* To do *
The records that follow are to be repeated exactly, with no pictures carried over.

* Information provided *
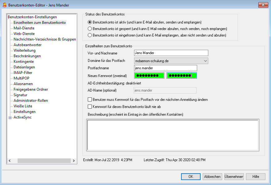 In der ersten Schaltfläche "Benutzerkonto" geben Sie bitte bei "Vor- und Nachname" den Namen des Benutzers ein. Wählen Sie die gewünschte Domäne für das Postfach aus. Die vollständige E-Mail-Adresse besteht dann aus dem Feld "Postfachname" und der Domäne. Diese Adresse ist zugleich der Benutzername zum Abholen der E-Mails von dem Client aus. Bei "Kennwort" geben Sie bitte ein sicheres Kennwort ein und wiederholen die Eingabe. Klicken Sie auf "Übernehmen".
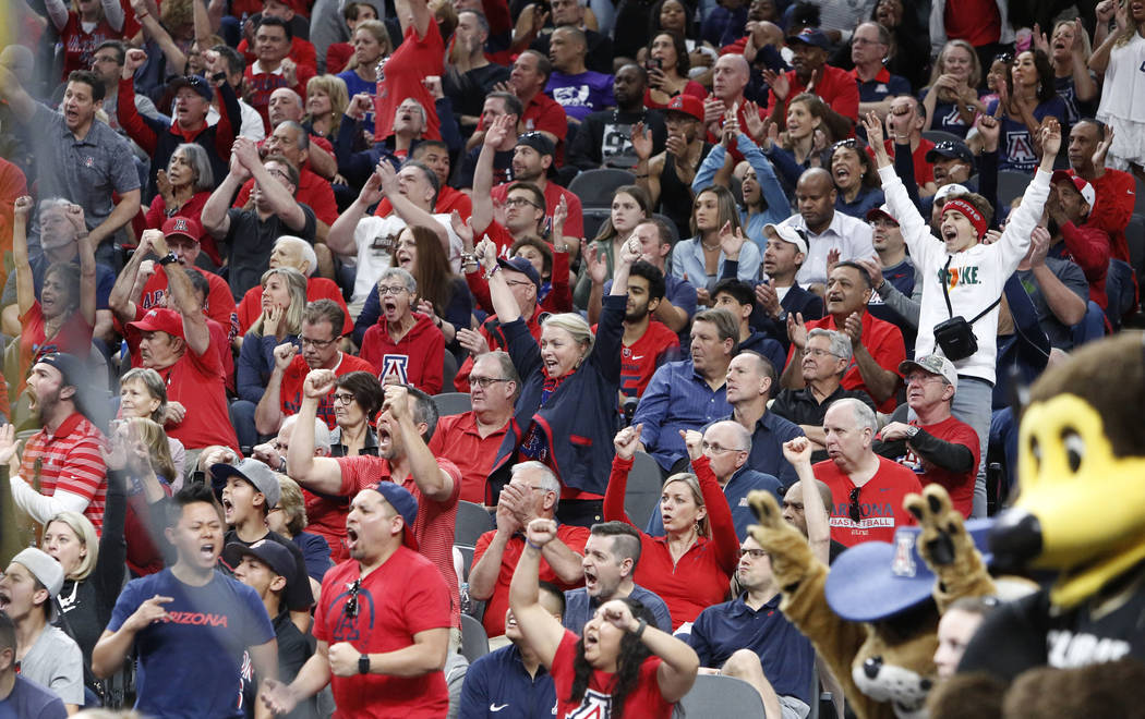 Arizona Wildcats fans cheer for their team during an NCAA college basketball game against Colorado Buffaloes in the quarter final of the Pac-12 tournament on Thursday, March 8, 2018, in Las Vegas. Arizona won 83-57. Bizuayehu Tesfaye/Las Vegas Review-Journal @bizutesfaye
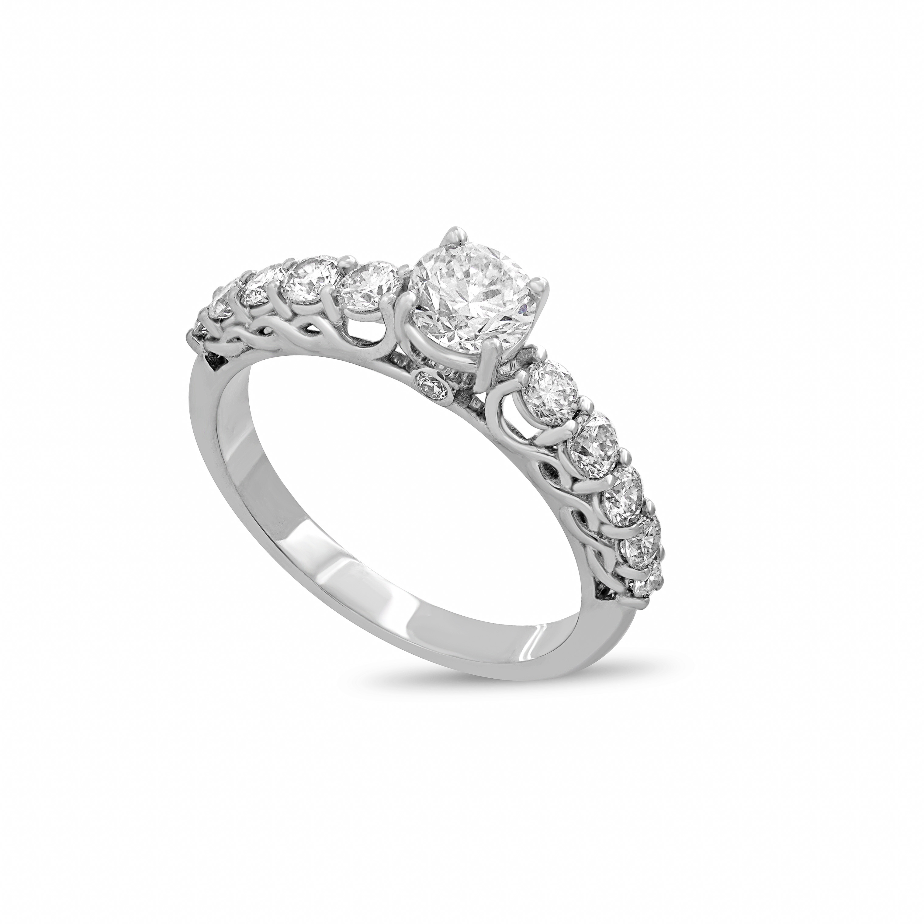 The band of the ring is crafted in lustrous white gold, providing a rich and regal backdrop for the exquisite diamonds.
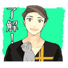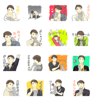 ねこのきもちの猫×イケメン『ねこと僕』スタンプ。モデルは俳優・舘野将平さんとロシアンブルーの猫です。(スタンプデザイン:たかむら)
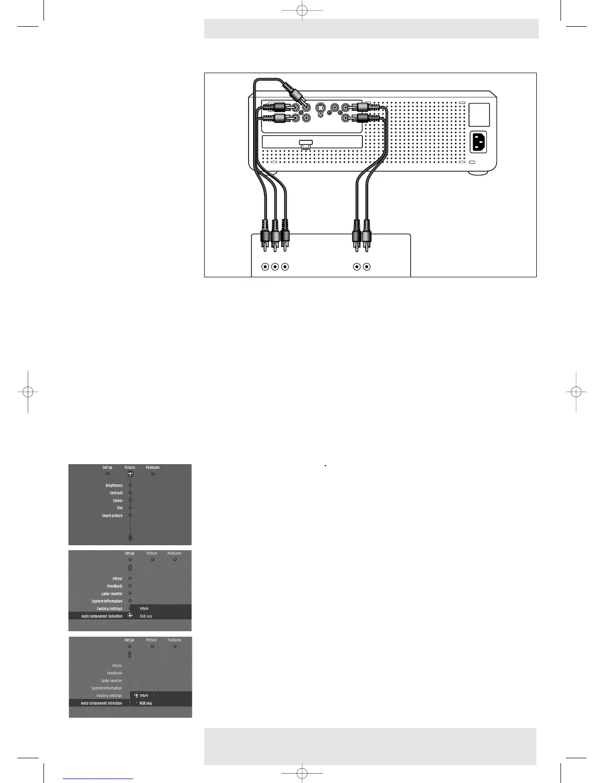 • Connect the Component in sockets of the projector (
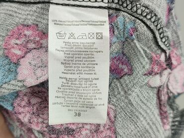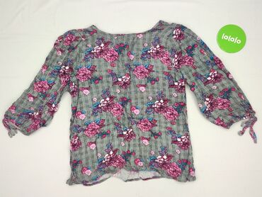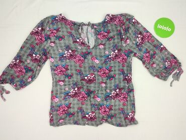 Bluzka damska YES NO, rozmiar M - Krój: luźna bluzka z krótkim rękawem, dekolt w serek, delikatne falbanki przy kołnierzu i na dole - Wzór: czarny materiał w drobne białe kropeczki z różanym motyw...
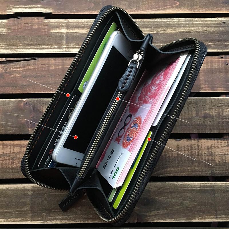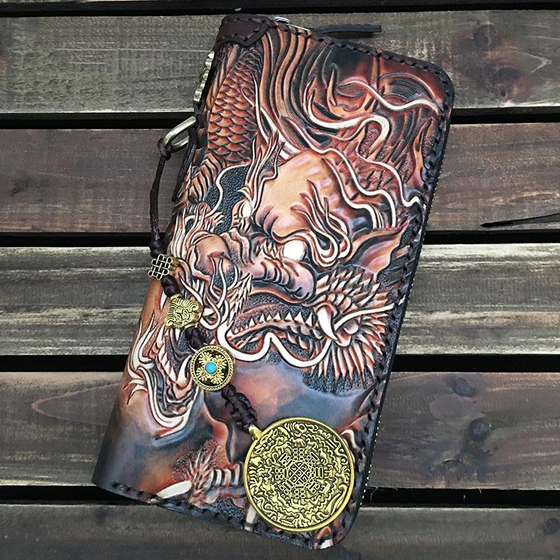 Style: Black Handmade Carp Toad Tooled Leather Long Biker Wallet Black Chain Wallet Clutch Wallet For Men
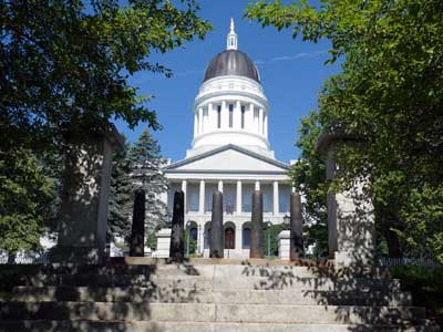 A portrait of Abraham Lincoln hangs in the Senate chamber. ... The town of Camden is one of only two places on the Atlantic seaboard where the mountains meet the sea.
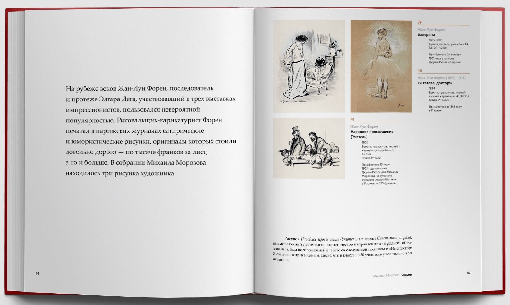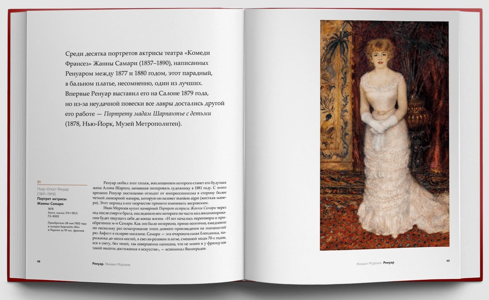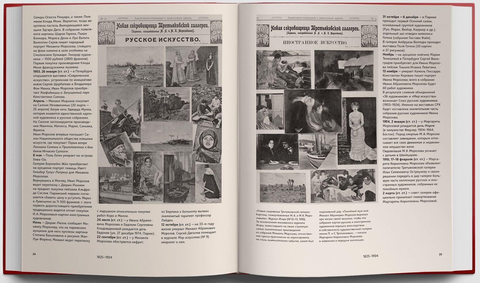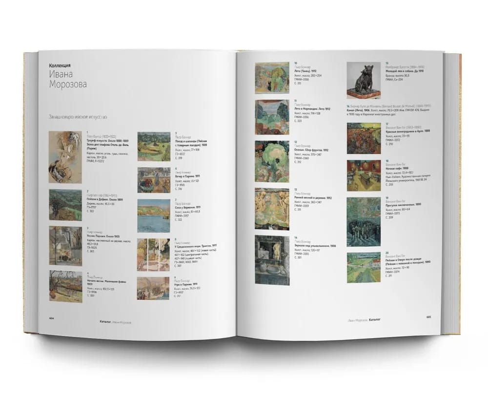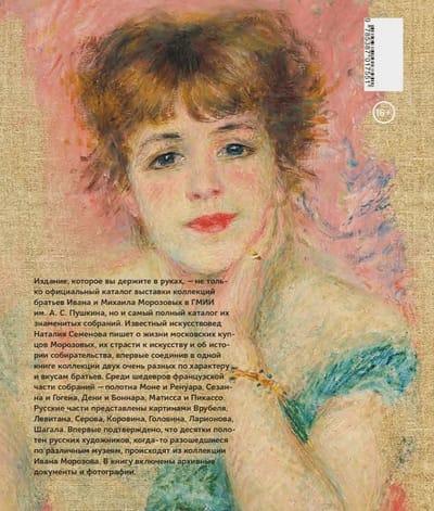 Мало кто знает, что наряду с богатейшим собранием произведений французских живописцев и скульпторов коллекции братьев Морозовых включали работы современных им русских художников. Впервые русские и иностранные части каждого из собраний представлены вместе, что позволяет читателям познакомиться с уникальными коллекциями московских текстильных магнатов начала ХХ столетия. Среди шедевров французской части собраний — полотна Моне и Ренуара, Сезанна и Гогена, Дени и Боннара, Матисса и Пикассо. Русские части представлены картинами Врубеля, Левитана, Серова, Коровина, Головина, Ларионова, Шагала. Впервые подтверждено, что десятки полотен русских художников, когда-то разошедшиеся по различным музеям, происходят из коллекции Ивана Морозова. В каталог коллекции Морозовых включены архивные документы и фотографии.

* Solved exercise *
 In der ersten Schaltfläche "Benutzerkonto" geben Sie bitte bei "Vor- und Nachname" den Namen des Benutzers ein. Wählen Sie die gewünschte Domäne für das Postfach aus. Die vollständige E-Mail-Adresse besteht dann aus dem Feld "Postfachname" und der Domäne. Diese Adresse ist zugleich der Benutzername zum Abholen der E-Mails von dem Client aus. Bei "Kennwort" geben Sie bitte ein sicheres Kennwort ein und wiederholen die Eingabe. Klicken Sie auf "Übernehmen".
 Arizona Wildcats fans cheer for their team during an NCAA college basketball game against Colorado Buffaloes in the quarter final of the Pac-12 tournament on Thursday, March 8, 2018, in Las Vegas. Arizona won 83-57. Bizuayehu Tesfaye/Las Vegas Review-Journal @bizutesfaye
 The band of the ring is crafted in lustrous white gold, providing a rich and regal backdrop for the exquisite diamonds.
 ねこのきもちの猫×イケメン『ねこと僕』スタンプ。モデルは俳優・舘野将平さんとロシアンブルーの猫です。(スタンプデザイン:たかむら)
 • Connect the Component in sockets of the projector (
 Bluzka damska YES NO, rozmiar M - Krój: luźna bluzka z krótkim rękawem, dekolt w serek, delikatne falbanki przy kołnierzu i na dole - Wzór: czarny materiał w drobne białe kropeczki z różanym motyw...
 Style: Black Handmade Carp Toad Tooled Leather Long Biker Wallet Black Chain Wallet Clutch Wallet For Men
 A portrait of Abraham Lincoln hangs in the Senate chamber. ... The town of Camden is one of only two places on the Atlantic seaboard where the mountains meet the sea.
 Мало кто знает, что наряду с богатейшим собранием произведений французских живописцев и скульпторов коллекции братьев Морозовых включали работы современных им русских художников. Впервые русские и иностранные части каждого из собраний представлены вместе, что позволяет читателям познакомиться с уникальными коллекциями московских текстильных магнатов начала ХХ столетия. Среди шедевров французской части собраний — полотна Моне и Ренуара, Сезанна и Гогена, Дени и Боннара, Матисса и Пикассо. Русские части представлены картинами Врубеля, Левитана, Серова, Коровина, Головина, Ларионова, Шагала. Впервые подтверждено, что десятки полотен русских художников, когда-то разошедшиеся по различным музеям, происходят из коллекции Ивана Морозова. В каталог коллекции Морозовых включены архивные документы и фотографии.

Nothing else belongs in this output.